I lose more followers for saying “stalking, and normalising hyperfixations on other people is bad actually” than I do for having twitter breakdowns or making sweeping generalisations about British people.

So anyway here is something stalking related I want to touch on:
We know based on current research that autistics, and possibly other ND people are more likely to be victims of crimes than *do* crimes.

I can understand the impulse to normalise and destigmatise something like hyperfixating on people if you feel that’s out of your control,
And you feel that it’s completely innocent.

Apart from the fact that it isn’t, and you, as the person who experiences interpersonal fixation are not in a good position to determine this; the people who seek pick autistics out in order to harm us do something identical.
By normalising, or framing as just another ND feature, an internal state of hyperfixating on other people, you set autistics and anyone else experiencing this up to not recognise when *we* are the subject of *someone else’s* unhealthy fixation.

And this is bad.
Because the default explanation in these cases will be “oh they’re like me” when they are not and they are meaning us harm, it will end in harm. Always.

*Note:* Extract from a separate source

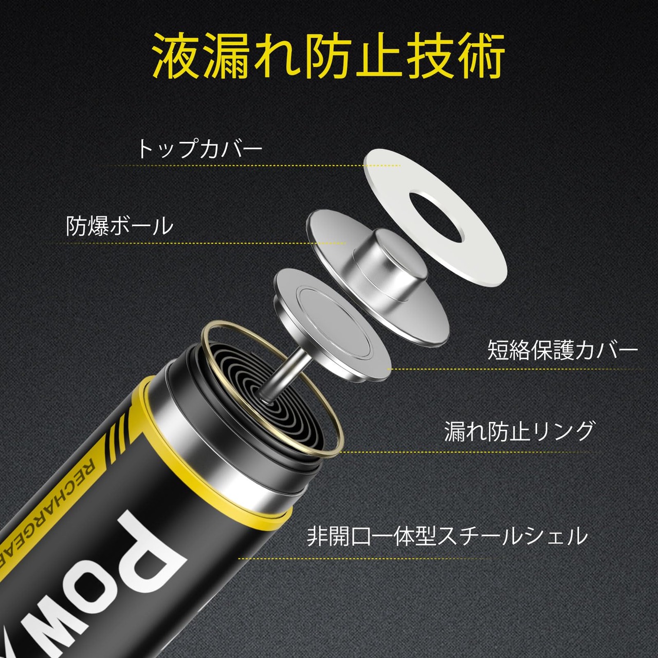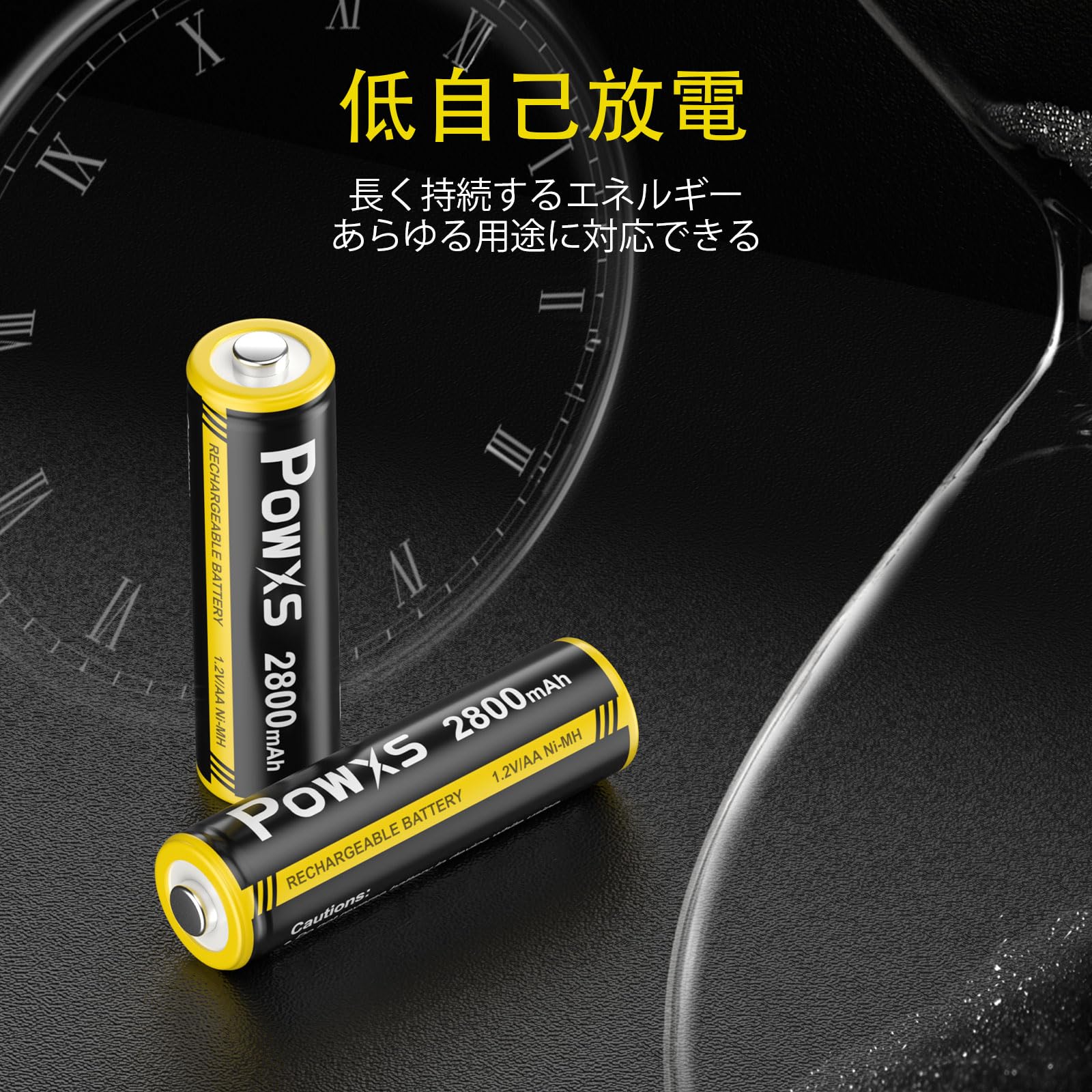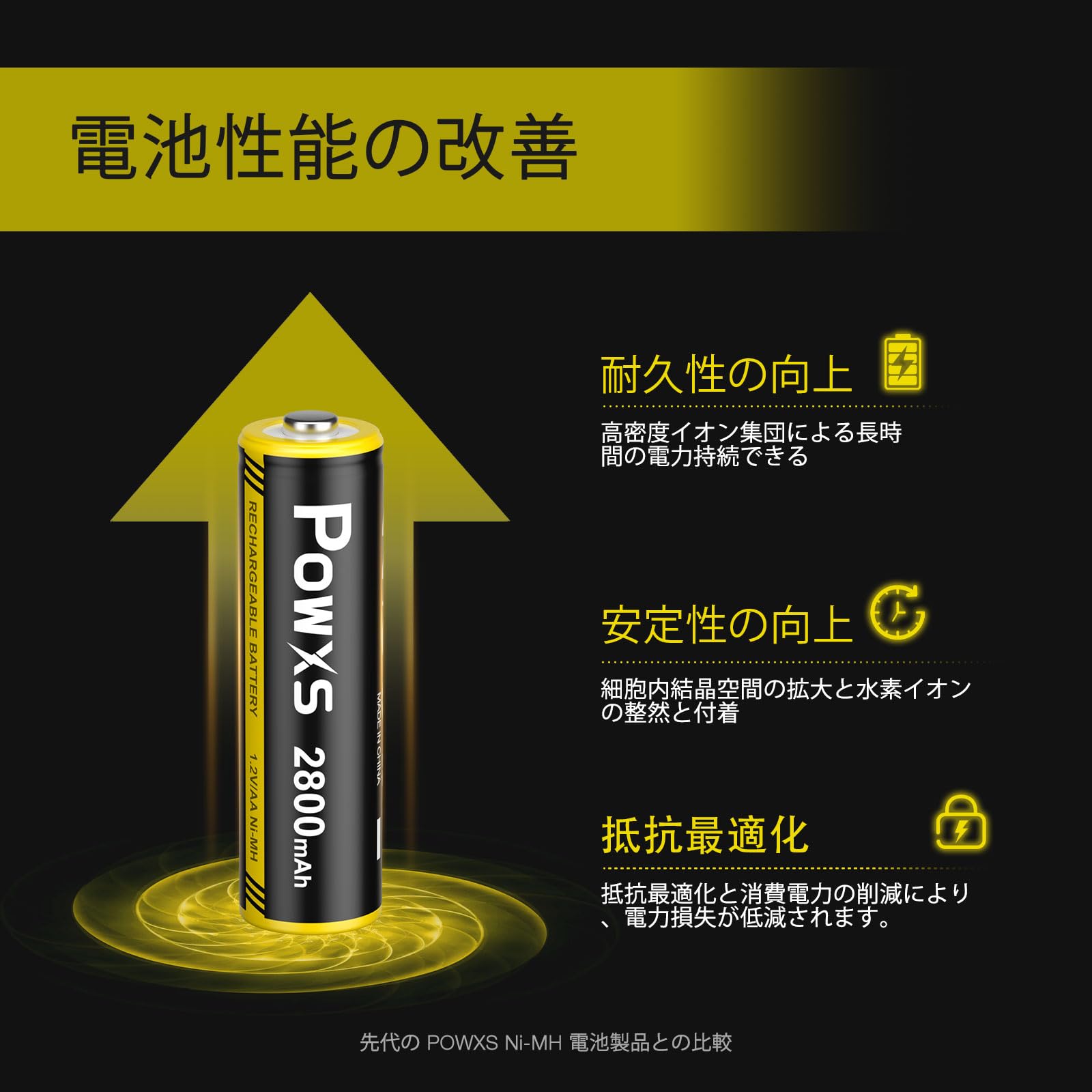 【数量限定】POWXS 単3電池 充電式 ニッケル水素 単三電池 2800mAh 約1300回使用可能 8本入り 低自己放電 液漏れ防止 充電池 単3 単3形 単三充電池(アップグレード 黒+黄) | asaRulu0511

We can’t simultaneously pay lip service to the number of times we are taken advantage of whilst setting ourselves up for more.
There are so many other problems with the way this conversation happens here on twitter especially.

And I’ll happily out myself as a bad listener on the subject because I have trauma, but also because no thought is ever given to people in my situation by those normalising it.
The dominant social dialogue is that stalking victims are paranoid, making it up, and/or asking for it.

So on the point of hyperfixating on other people just being some harmless thing ND people do, society actually has your back.

No one has your back as a stalking survivor.
You can follow @__INSA__.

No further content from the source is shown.